Provided data Start Marker

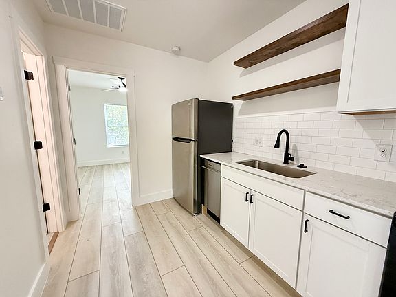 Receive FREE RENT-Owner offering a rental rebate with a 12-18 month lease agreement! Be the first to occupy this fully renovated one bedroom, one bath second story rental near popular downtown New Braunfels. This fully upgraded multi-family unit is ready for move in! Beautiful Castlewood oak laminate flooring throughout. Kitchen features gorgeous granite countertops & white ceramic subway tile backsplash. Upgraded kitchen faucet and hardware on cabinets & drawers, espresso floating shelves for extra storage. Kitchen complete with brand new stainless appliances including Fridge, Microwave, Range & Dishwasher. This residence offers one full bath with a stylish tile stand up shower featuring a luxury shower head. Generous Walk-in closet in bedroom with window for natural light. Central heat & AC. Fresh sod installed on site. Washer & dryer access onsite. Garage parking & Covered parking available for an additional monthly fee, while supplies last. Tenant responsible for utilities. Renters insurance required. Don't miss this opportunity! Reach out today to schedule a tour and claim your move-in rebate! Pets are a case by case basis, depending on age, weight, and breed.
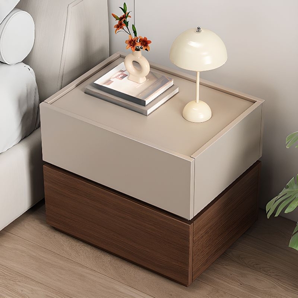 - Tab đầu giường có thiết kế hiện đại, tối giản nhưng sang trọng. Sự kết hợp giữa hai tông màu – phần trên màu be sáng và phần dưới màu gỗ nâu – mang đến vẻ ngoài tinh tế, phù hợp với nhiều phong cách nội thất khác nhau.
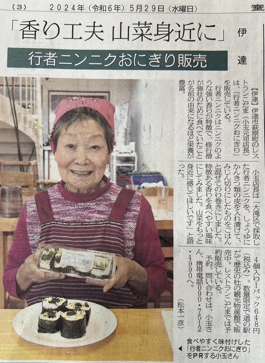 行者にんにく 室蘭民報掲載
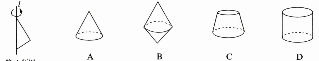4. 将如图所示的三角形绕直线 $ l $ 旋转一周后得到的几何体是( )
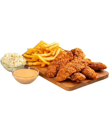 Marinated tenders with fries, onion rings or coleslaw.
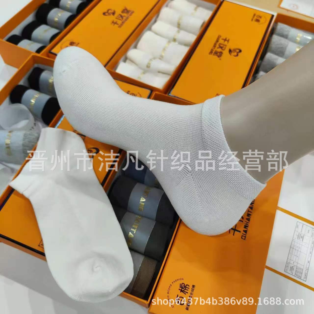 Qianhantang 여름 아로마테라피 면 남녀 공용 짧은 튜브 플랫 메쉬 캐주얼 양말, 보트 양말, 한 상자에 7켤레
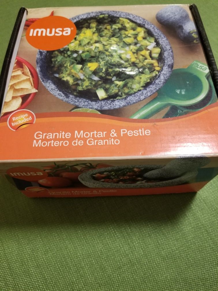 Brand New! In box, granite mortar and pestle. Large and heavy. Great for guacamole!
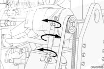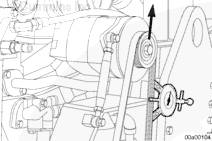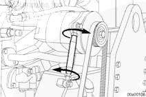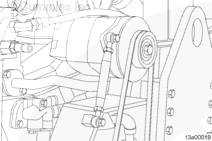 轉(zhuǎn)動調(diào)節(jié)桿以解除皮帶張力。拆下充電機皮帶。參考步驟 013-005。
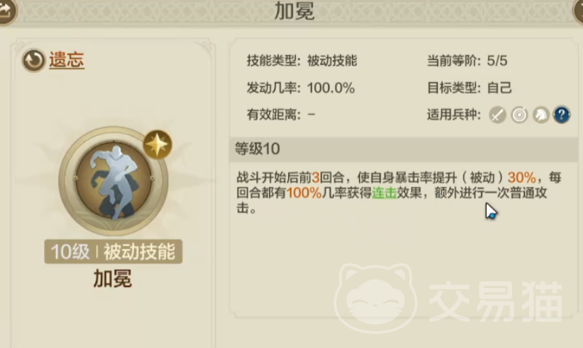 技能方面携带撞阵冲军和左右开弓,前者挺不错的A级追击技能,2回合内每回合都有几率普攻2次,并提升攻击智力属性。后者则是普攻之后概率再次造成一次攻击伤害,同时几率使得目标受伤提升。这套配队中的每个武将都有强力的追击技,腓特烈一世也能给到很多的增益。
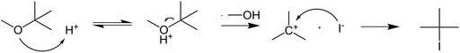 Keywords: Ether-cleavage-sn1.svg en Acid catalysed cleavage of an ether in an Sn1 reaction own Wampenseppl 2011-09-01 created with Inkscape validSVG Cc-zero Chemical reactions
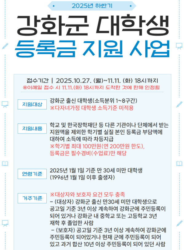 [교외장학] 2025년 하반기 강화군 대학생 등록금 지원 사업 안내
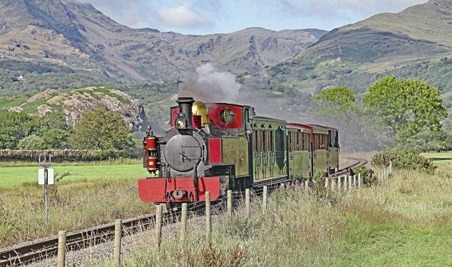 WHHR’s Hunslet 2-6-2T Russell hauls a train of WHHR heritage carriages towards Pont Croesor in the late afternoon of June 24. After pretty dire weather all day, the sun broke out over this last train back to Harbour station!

Provided data End Marker
Provided data Start Marker

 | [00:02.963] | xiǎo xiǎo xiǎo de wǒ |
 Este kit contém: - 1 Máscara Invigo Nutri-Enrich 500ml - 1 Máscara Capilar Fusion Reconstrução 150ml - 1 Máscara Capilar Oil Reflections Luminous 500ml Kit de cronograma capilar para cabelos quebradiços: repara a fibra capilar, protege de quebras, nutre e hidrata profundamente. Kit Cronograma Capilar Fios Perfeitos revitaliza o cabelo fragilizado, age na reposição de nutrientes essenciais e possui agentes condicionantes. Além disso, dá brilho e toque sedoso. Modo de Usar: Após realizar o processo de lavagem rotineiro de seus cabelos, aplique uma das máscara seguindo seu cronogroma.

Provided data End Marker

▸ Exercise description: Within the entries above, give again exactly the lines starting at the one that contains "轉(zhuǎn)動調(dià" and ending at the one that contains "[교외장학] 2025년 하반기 강화군 대학생 등록금 지원 사업 안내", leaving out the pictures.

▸ Result for this exercise:
 轉(zhuǎn)動調(diào)節(jié)桿以解除皮帶張力。拆下充電機皮帶。參考步驟 013-005。
 技能方面携带撞阵冲军和左右开弓,前者挺不错的A级追击技能,2回合内每回合都有几率普攻2次,并提升攻击智力属性。后者则是普攻之后概率再次造成一次攻击伤害,同时几率使得目标受伤提升。这套配队中的每个武将都有强力的追击技,腓特烈一世也能给到很多的增益。
 Keywords: Ether-cleavage-sn1.svg en Acid catalysed cleavage of an ether in an Sn1 reaction own Wampenseppl 2011-09-01 created with Inkscape validSVG Cc-zero Chemical reactions
 [교외장학] 2025년 하반기 강화군 대학생 등록금 지원 사업 안내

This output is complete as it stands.